Advertising Medicine: Selling the Cure, 26
Sta. Tech. L.R.
Available at: https://repository.uclawsf.edu/faculty_scholarship/1967
Although most countries forbid advertising medicine to patients, “direct-to- consumer advertising” has flourished in the United States over the past century. Research shows that the practice prompts inappropriate prescriptions and disadvantages generic competitors, leading to adverse drug reactions and increased prescription drug spending. Nevertheless, a comprehensive regulatory system for direct-to-consumer advertising continues to escape the grasp of policymakers. Regulatory authority has bounced between the Federal Trade Commission (FTC) and the Food and Drug Administration (FDA), where primary jurisdiction now resides.
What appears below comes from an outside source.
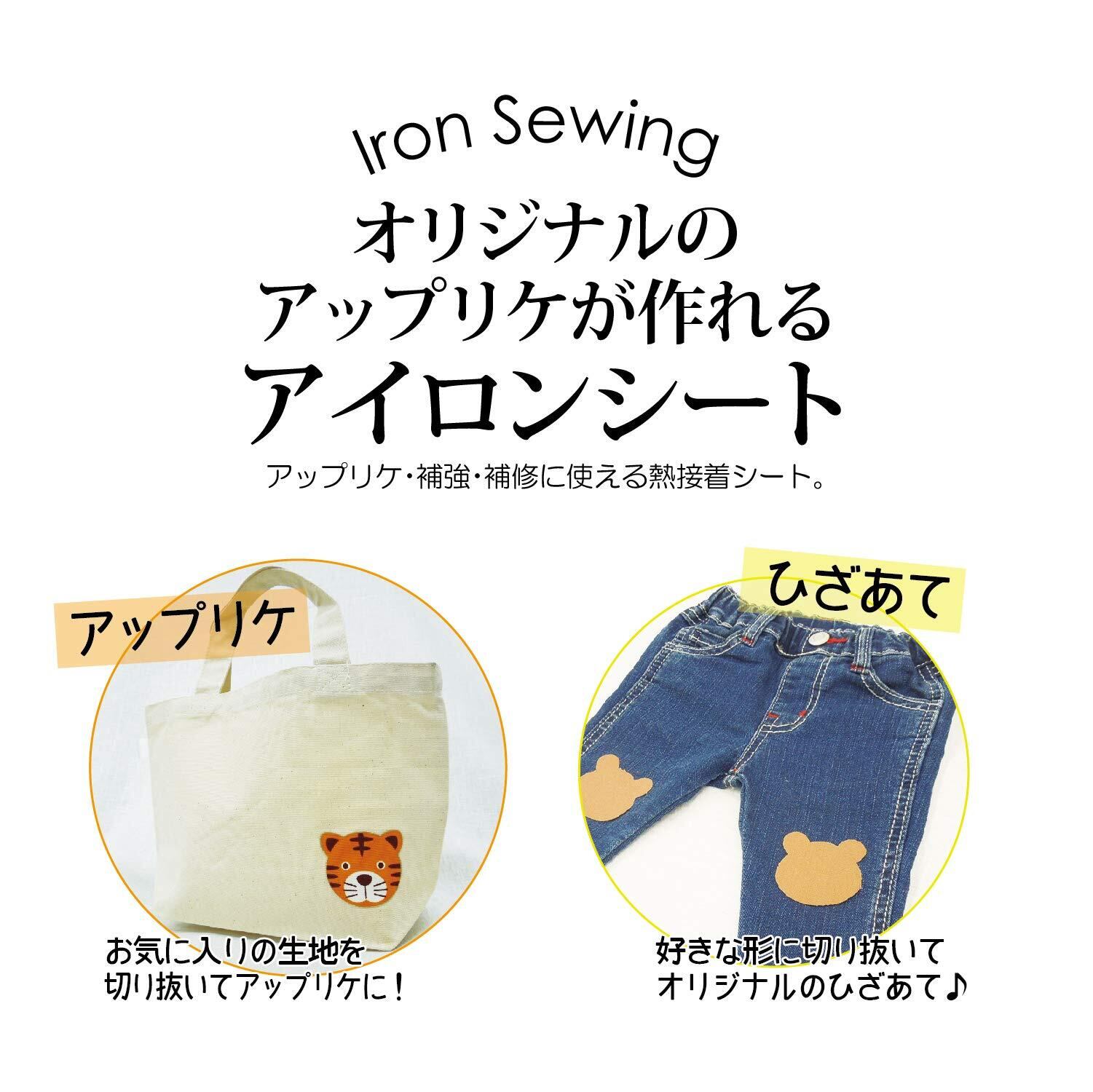 オリジナルのアップリケや補強・補修に使える熱接着シート。洗濯・ドライクリーニングOK。
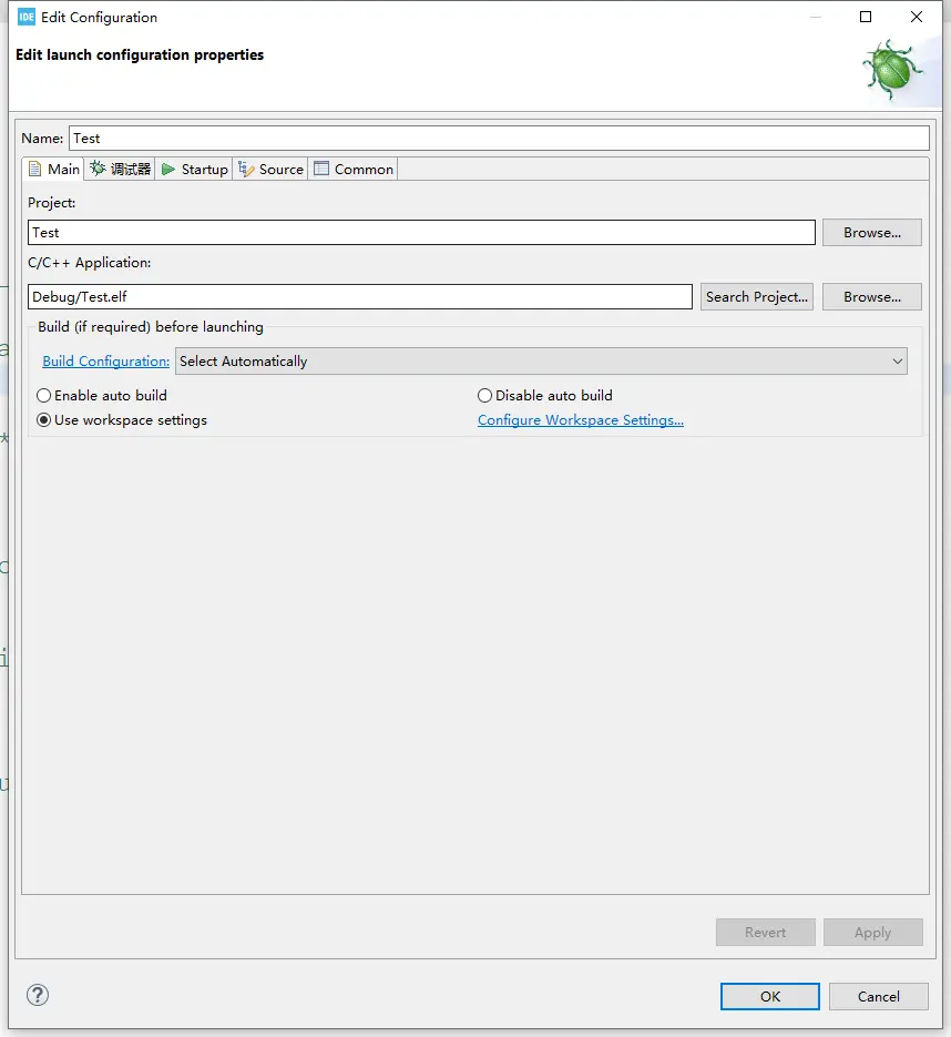 如果该工程是第一次进入调试状态,则会弹出下图所示配置窗口。

Since the FDA assumed responsibility, the agency’s only major regulatory initiative has been to minimize disclosure requirements for advertisements. Enforcement of violations has been similarly lackluster. This Article examines the history of medical advertising and the consequences of insufficient regulation, highlighting the need for a new regulatory model. Rather than leaving responsibility with the FDA or simply transferring it back to the FTC, this Article proposes a coordinated regulatory effort. A coordinated approach to oversight of prescription drug advertising should enable more effective regulation, drawing on the expertise of each agency. In this partnership, the FTC would reprise its past role as monitor and enforcer of prescription drug advertising rules, while the FDA would leverage its scientific expertise to assist in evaluating compliance. By combining the resources and capacities of both agencies, this model offers the potential to fill the problematic gaps in the current regulation of direct-to-consumer advertising.